Chapter 2 Data preparation

2.1 Searching for the MAGs

Choose the MAGs
In this case, we will be working with Parabacteroides distasonis. In the EHI database, select the MAGs with > 90% completeness and < 2.5 contamination. Do the same in the GTDB, but also filter for isolation source CONTAINS feces.

2.2 Downloading the MAGs and generating data

Download genome indices and metadata
Download the EHI_MAG index for each species (in /data/mags_metadata folder) and the curl file and search metadata tsv from the GTDB and place in each species directory in Mjolnir.

2.5) Extract genome metadata
- Use the GTDB search tsv to run this script to obtain more metadata. (modify script a bit to make it scalable).
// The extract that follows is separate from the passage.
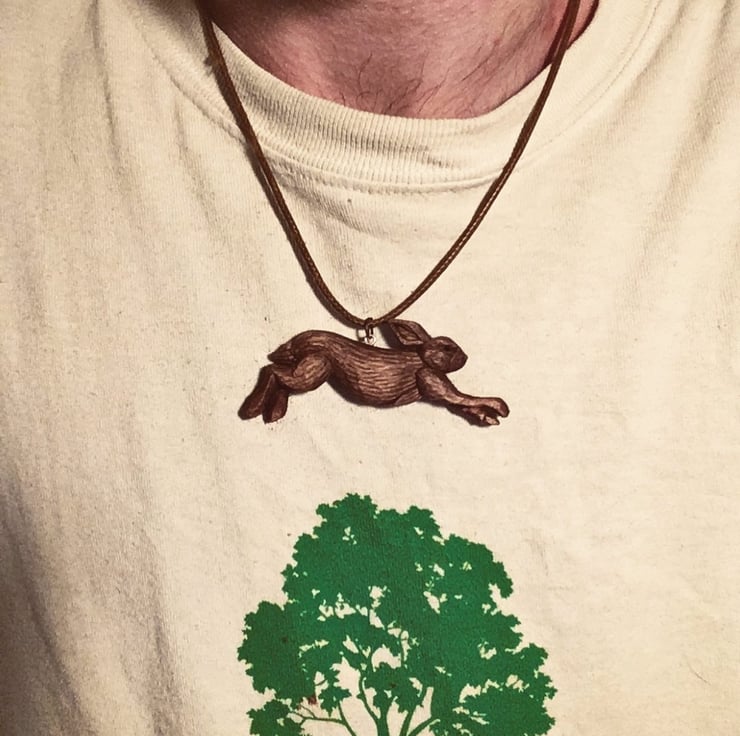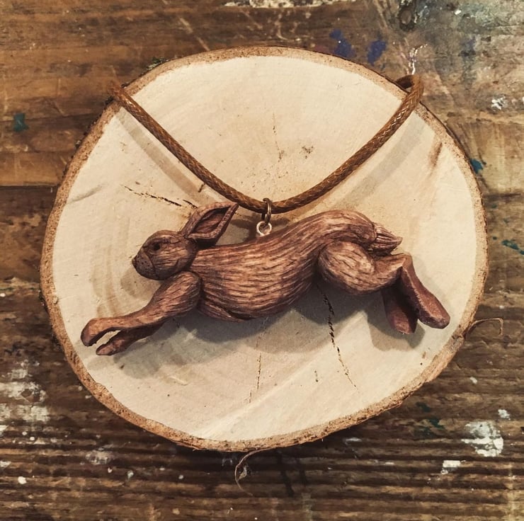 A hand carved leaping hare pendant on a brown wax cord necklace.

 python scripts/extract_gtdb_metadata.py

Create the master index
Run the create_index.R script to create an index of all the MAGs and the download paths (needs a list of species as input and right now it is hardcoded in the script)

conda activate mags_r_env
Rscript scripts/create_index.R

Run the downloading_mags.smk to download all the genomes

snakemake -s snakefiles/downloading_mags.smk \
    --executor slurm \
    --jobs 50 \
    --rerun-incomplete \
    --keep-going
    
    
#testing with the HUMAN_EHI
snakemake -s snakefiles/downloading_and_unzipping.smk \
    --executor slurm \
    --jobs 50 \
    --rerun-incomplete \
    --keep-going

Unzip all the MAGs and make sure they are in the same folder: run
(maybe add this to the downloading_mags.smk)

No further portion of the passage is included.